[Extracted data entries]
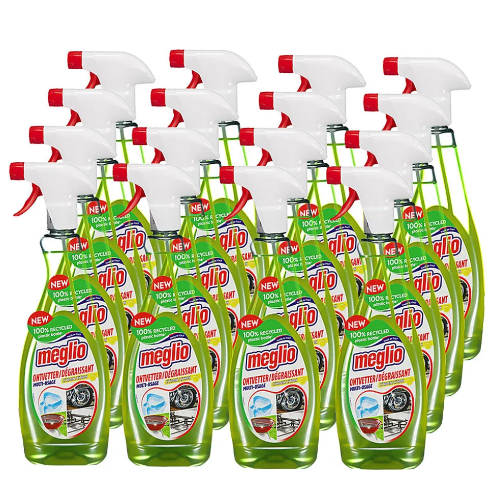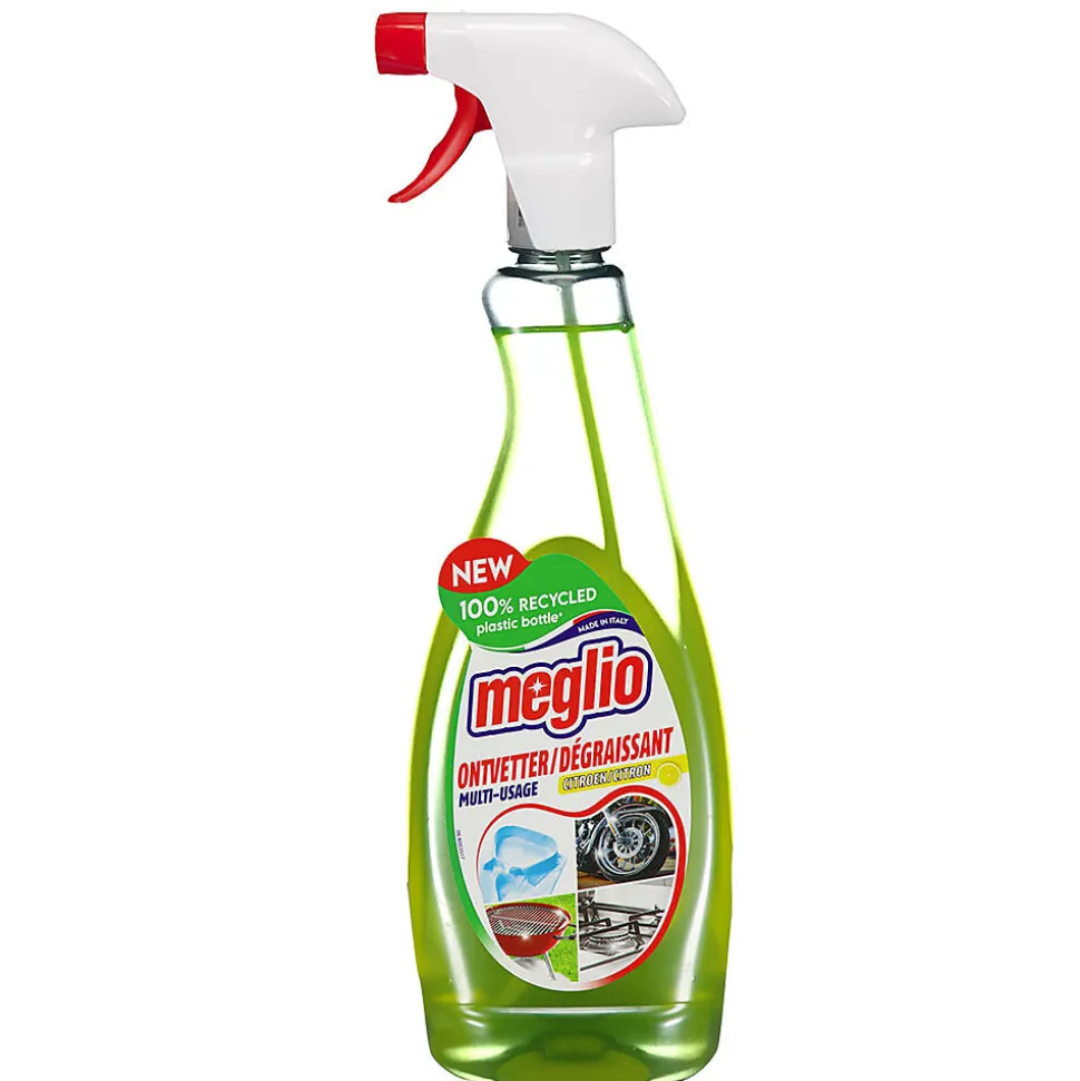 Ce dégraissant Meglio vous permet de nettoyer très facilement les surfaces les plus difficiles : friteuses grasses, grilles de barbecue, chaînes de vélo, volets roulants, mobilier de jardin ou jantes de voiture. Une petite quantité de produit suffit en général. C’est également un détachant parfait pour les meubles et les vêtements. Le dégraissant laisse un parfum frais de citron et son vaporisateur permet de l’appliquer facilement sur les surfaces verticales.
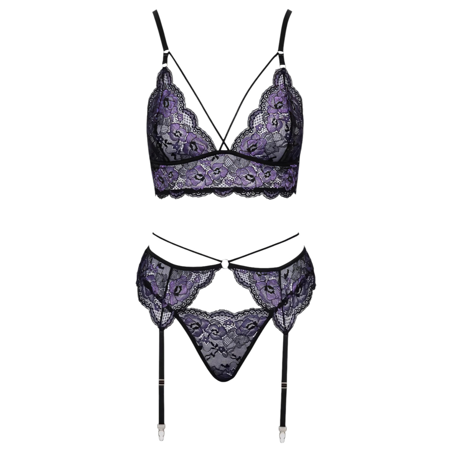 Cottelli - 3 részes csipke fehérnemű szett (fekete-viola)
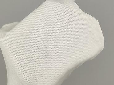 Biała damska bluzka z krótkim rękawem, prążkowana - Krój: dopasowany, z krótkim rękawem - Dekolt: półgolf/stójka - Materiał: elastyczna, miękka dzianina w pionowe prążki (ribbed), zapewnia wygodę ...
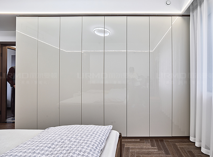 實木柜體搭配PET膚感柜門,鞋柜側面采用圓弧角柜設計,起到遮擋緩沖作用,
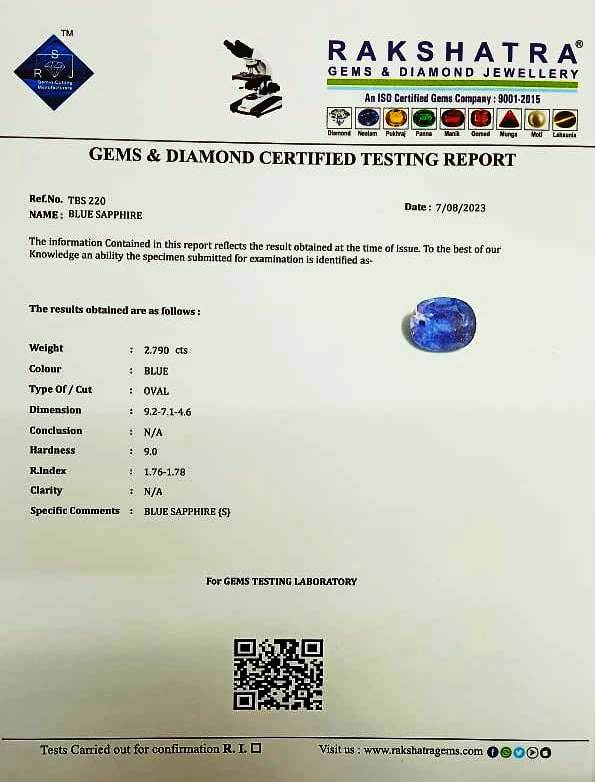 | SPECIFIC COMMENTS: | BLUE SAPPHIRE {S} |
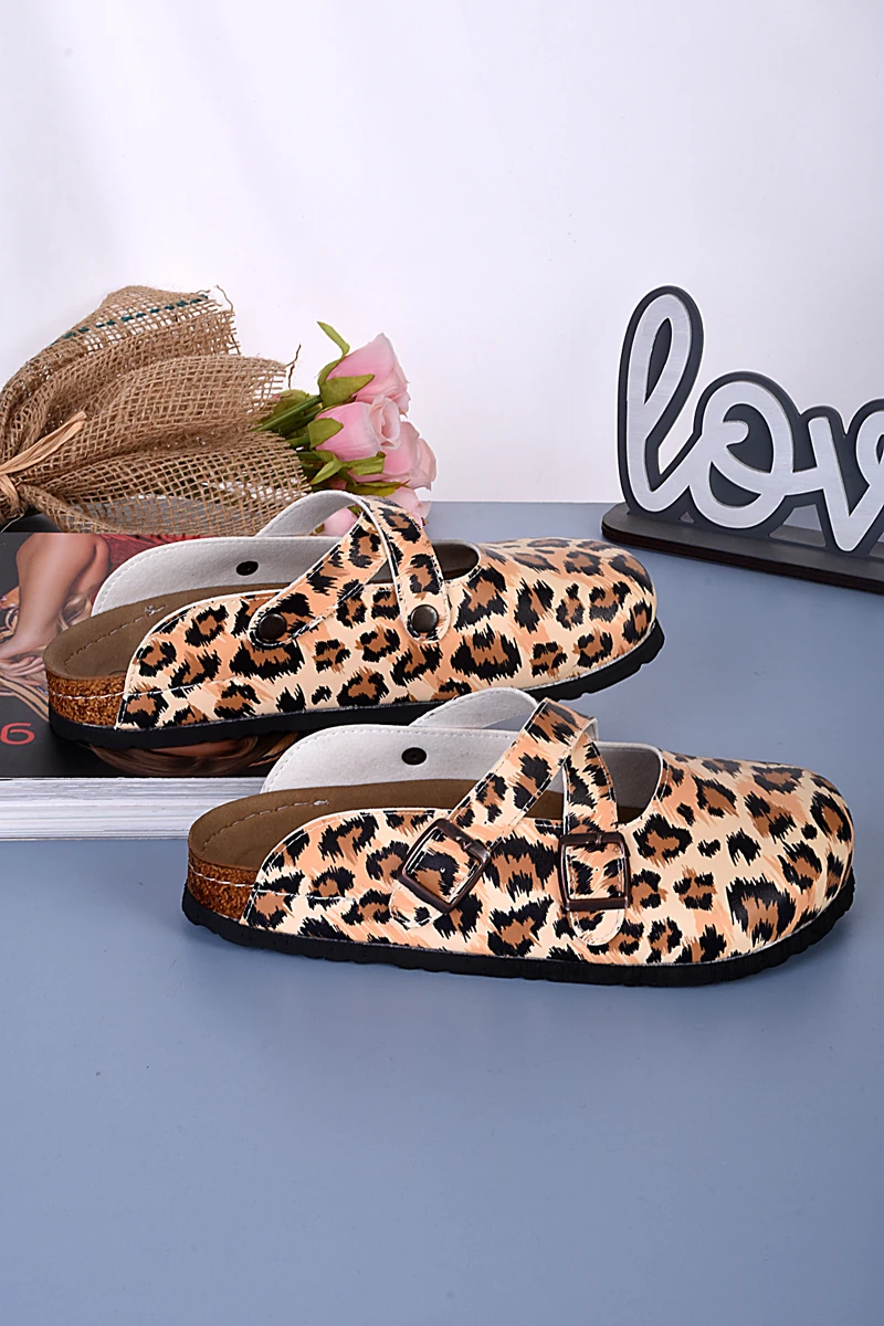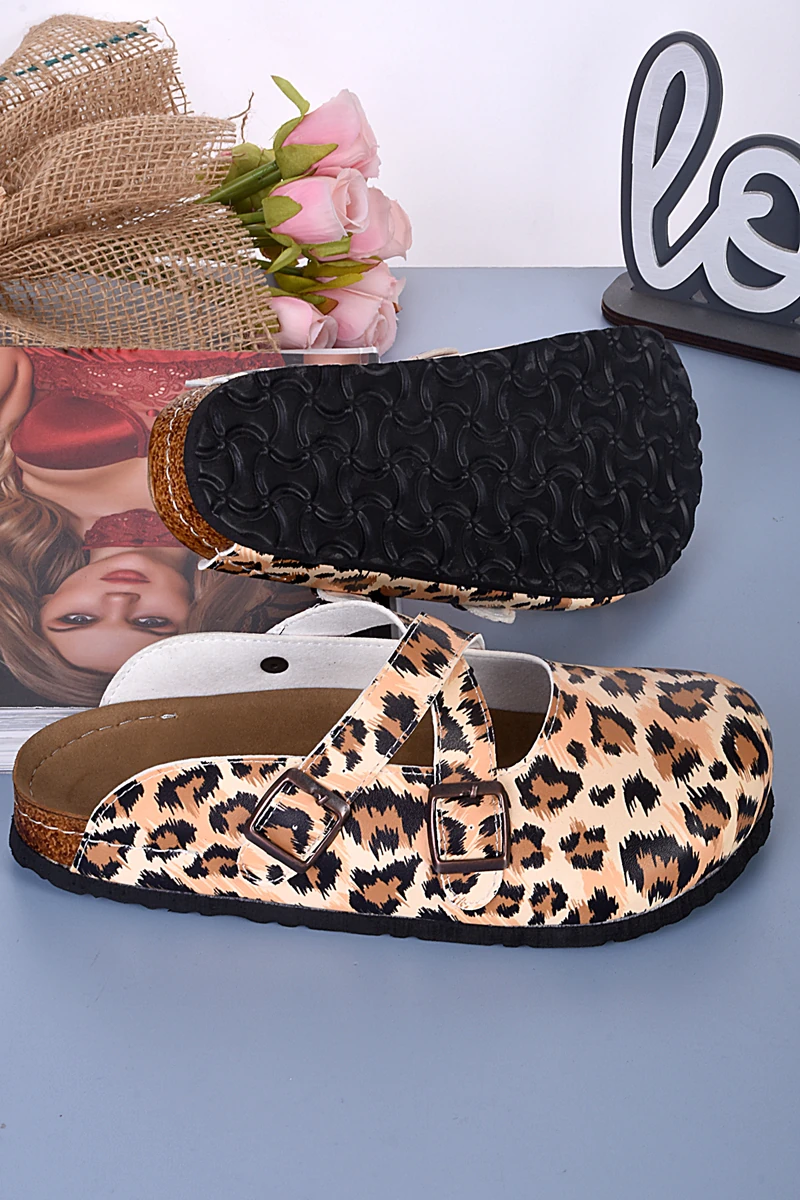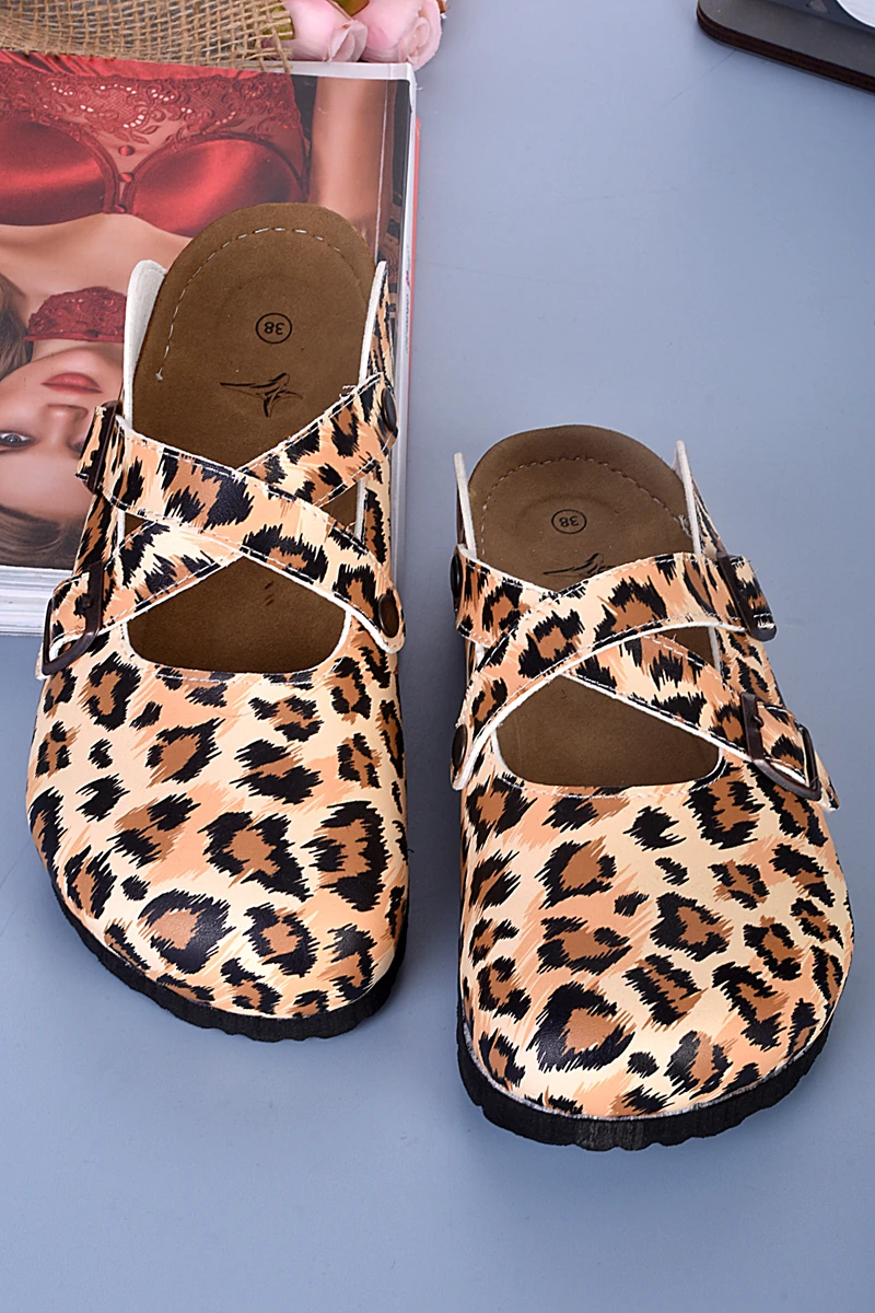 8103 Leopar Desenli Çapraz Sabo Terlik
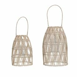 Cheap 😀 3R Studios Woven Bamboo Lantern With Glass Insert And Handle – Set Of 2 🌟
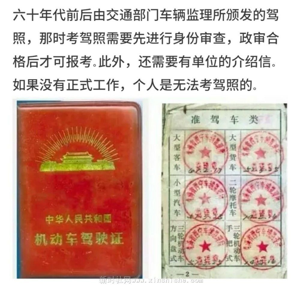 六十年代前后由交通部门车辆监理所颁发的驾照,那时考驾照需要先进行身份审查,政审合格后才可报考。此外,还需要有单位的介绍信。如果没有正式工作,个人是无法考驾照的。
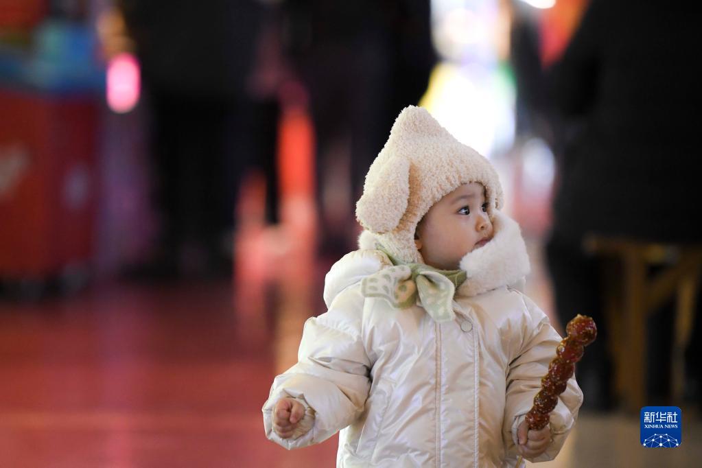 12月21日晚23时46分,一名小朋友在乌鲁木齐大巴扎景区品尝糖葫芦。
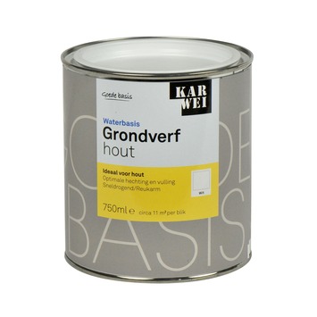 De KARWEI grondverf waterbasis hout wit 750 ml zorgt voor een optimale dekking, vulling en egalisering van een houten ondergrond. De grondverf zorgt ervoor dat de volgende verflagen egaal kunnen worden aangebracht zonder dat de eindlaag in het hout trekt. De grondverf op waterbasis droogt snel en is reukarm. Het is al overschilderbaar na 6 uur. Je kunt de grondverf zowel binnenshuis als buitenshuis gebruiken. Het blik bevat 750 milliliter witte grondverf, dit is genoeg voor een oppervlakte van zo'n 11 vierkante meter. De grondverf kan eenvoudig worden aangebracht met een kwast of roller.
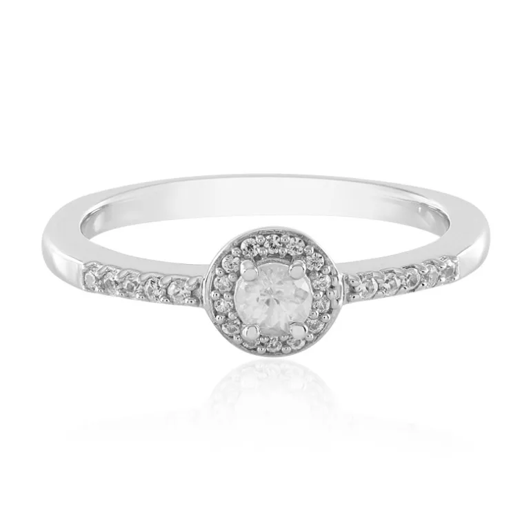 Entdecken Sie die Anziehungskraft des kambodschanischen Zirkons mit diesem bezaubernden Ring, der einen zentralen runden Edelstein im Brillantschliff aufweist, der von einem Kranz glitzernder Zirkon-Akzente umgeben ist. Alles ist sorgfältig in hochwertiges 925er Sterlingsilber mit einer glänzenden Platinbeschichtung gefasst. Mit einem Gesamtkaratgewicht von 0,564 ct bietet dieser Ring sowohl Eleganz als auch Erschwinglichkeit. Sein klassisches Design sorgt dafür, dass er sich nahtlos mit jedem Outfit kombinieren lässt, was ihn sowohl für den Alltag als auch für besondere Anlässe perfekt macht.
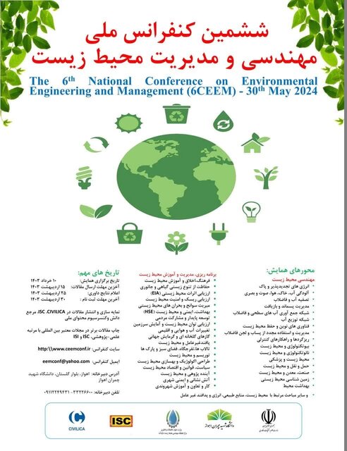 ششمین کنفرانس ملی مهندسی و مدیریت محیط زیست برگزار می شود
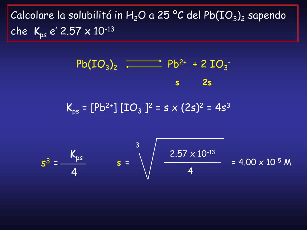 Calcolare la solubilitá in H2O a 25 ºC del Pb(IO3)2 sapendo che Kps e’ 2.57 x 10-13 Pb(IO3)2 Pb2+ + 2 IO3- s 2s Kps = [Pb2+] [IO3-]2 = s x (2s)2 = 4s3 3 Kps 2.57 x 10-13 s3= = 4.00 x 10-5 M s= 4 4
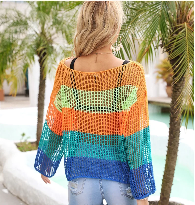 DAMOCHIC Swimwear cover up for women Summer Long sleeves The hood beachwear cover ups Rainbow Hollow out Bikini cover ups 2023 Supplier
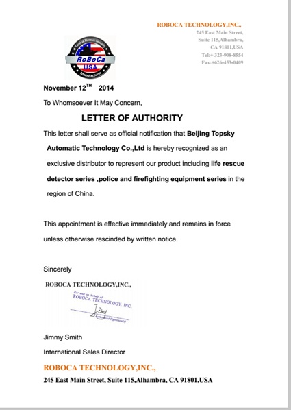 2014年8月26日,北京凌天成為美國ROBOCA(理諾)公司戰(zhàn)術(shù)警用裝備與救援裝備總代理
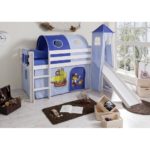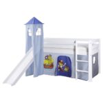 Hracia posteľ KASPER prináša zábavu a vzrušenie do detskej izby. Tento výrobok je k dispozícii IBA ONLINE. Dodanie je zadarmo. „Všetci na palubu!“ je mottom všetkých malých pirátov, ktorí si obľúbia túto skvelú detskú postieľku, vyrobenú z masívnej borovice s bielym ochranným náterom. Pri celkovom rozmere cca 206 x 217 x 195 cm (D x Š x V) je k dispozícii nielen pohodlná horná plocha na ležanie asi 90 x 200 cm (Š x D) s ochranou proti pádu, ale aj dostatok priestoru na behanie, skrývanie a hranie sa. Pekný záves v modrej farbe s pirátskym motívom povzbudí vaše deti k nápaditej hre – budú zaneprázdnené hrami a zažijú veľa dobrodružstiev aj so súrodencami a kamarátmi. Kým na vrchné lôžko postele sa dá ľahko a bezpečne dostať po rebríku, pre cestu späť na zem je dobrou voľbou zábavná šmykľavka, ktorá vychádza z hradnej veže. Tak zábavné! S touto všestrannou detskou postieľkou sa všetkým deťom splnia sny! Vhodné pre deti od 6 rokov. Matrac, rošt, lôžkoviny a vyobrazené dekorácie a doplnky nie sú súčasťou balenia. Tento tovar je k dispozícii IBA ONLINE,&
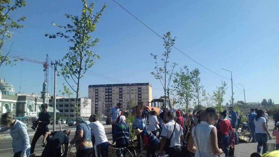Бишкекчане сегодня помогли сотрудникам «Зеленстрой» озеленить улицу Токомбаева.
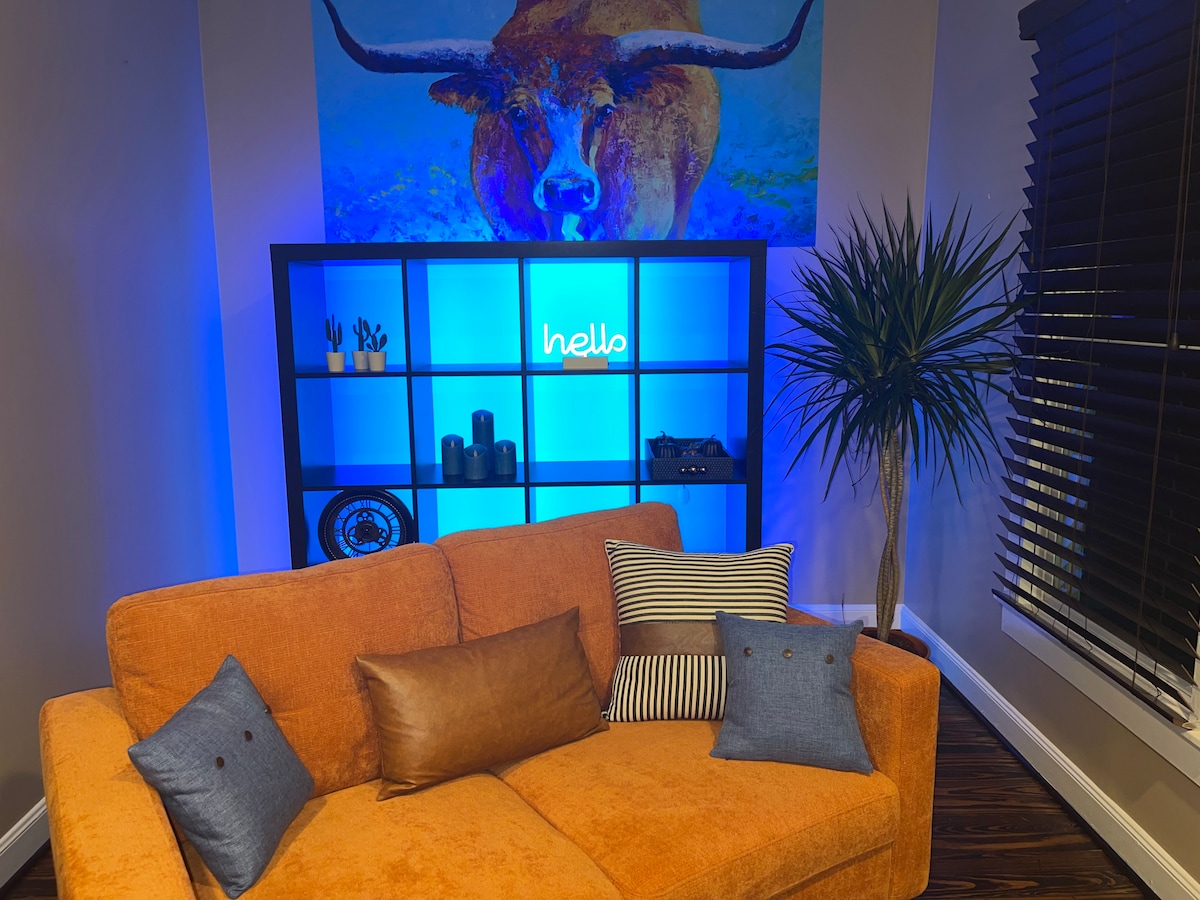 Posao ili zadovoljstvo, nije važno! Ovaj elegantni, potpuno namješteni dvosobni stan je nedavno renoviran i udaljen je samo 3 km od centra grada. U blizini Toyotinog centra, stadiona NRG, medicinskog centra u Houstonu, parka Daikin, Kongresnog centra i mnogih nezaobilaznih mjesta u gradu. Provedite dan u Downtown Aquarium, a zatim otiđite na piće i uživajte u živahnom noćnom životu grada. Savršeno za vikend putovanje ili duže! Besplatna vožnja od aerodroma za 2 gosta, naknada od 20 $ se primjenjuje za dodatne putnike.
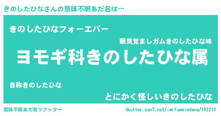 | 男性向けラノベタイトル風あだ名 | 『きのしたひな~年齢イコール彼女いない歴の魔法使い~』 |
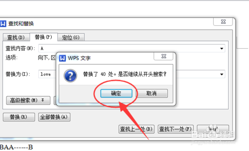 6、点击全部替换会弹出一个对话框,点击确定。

Your assignment
The response should consist of the lines above from the first through the one containing "8103 Leopar Desenli Çapraz Sabo Terlik", transcribed exactly, with every picture left out.

Output for this task
 Ce dégraissant Meglio vous permet de nettoyer très facilement les surfaces les plus difficiles : friteuses grasses, grilles de barbecue, chaînes de vélo, volets roulants, mobilier de jardin ou jantes de voiture. Une petite quantité de produit suffit en général. C’est également un détachant parfait pour les meubles et les vêtements. Le dégraissant laisse un parfum frais de citron et son vaporisateur permet de l’appliquer facilement sur les surfaces verticales.
 Cottelli - 3 részes csipke fehérnemű szett (fekete-viola)
 Biała damska bluzka z krótkim rękawem, prążkowana - Krój: dopasowany, z krótkim rękawem - Dekolt: półgolf/stójka - Materiał: elastyczna, miękka dzianina w pionowe prążki (ribbed), zapewnia wygodę ...
 實木柜體搭配PET膚感柜門,鞋柜側面采用圓弧角柜設計,起到遮擋緩沖作用,
 | SPECIFIC COMMENTS: | BLUE SAPPHIRE {S} |
 8103 Leopar Desenli Çapraz Sabo Terlik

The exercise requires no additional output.